Regulators took issue with side effects caused when the drug entered the brain, including severe anxiety and depression. But researchers continued to seek out therapies that wouldn’t affect the brain. George Kunos, a researcher with the U.S. National Institutes of Health, designed a molecule built on earlier work that successfully blocked other CB1 receptors throughout the body – without entering the brain. That meant it could still have the desired impact but not cause the troubling side effects, improving on the earlier treatments. Inversago obtained a worldwide licence to that intellectual property to develop its drug. Another company, Massachusetts-based Corbus Pharmaceuticals Holdings Inc., is taking a similar approach with a rival drug candidate.

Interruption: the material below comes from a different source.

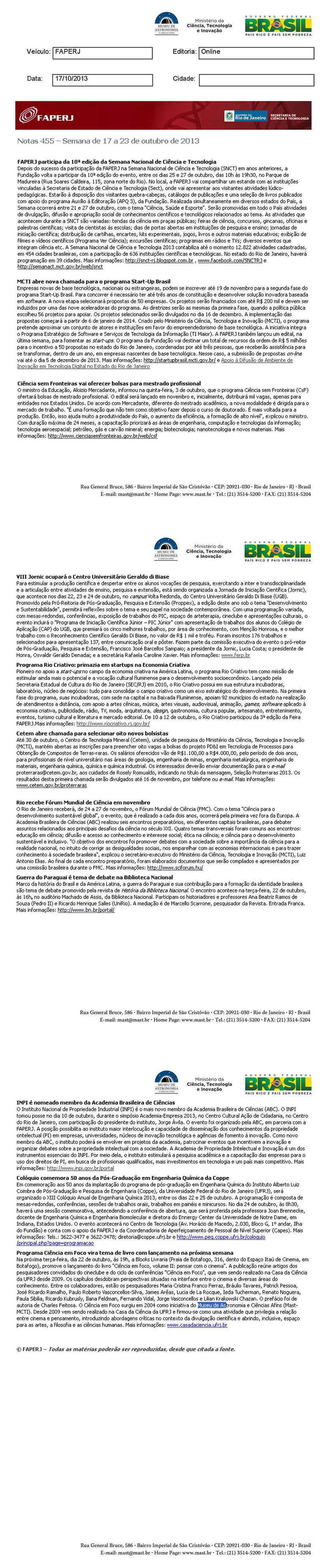 FAPERJ | Semana de 17 a 23 de outubro de 2013
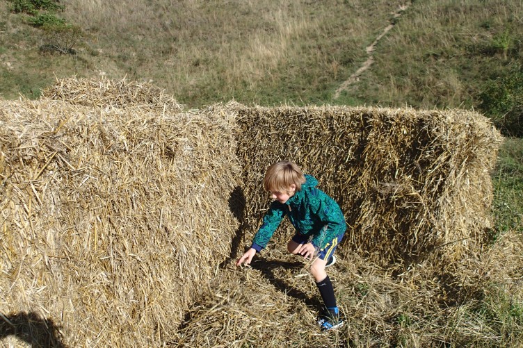På vores tur ud i naturen er vi stødt på to halmballer, formentlig opsat til brug for de græssende køer, der går og gumler en kilometer fra os, men lige nu er de udnævnt til en fabelagtig naturlegeplads, hvor der står parkour øvelser og grin på programmet.

“What’s become clear about this mechanism is the molecules didn’t have to go into the brain to create weight loss and improved metabolic function,” said Jamie Stiff, managing director with Genesys, which helped create Inversago. “As long as [the molecules] didn’t get into the brain, all the side effects we saw in the first generation of compounds went away.”
The company is targeting Prader-Willi for two main reasons. To go after the whole obesity market would require vast amounts of testing, which would take years and cost a lot; the team discovered early on there was limited investor appetite for that. By focusing on a rare disease (it affects about one in every 15,000 North Americans) with no known cure, the company can get a drug to market a lot more quickly and less expensively under the U.S. Food and Drug Administration’s expedited approval process for such treatments.
If Inversago can show its drug is effective and safe, that will “absolutely” give the company huge potential to develop treatments for other obesity-related ailments, Mr. Ravenelle said. He added the company could go public in fall, 2021, or spring, 2022, if the results from the safety trial are positive.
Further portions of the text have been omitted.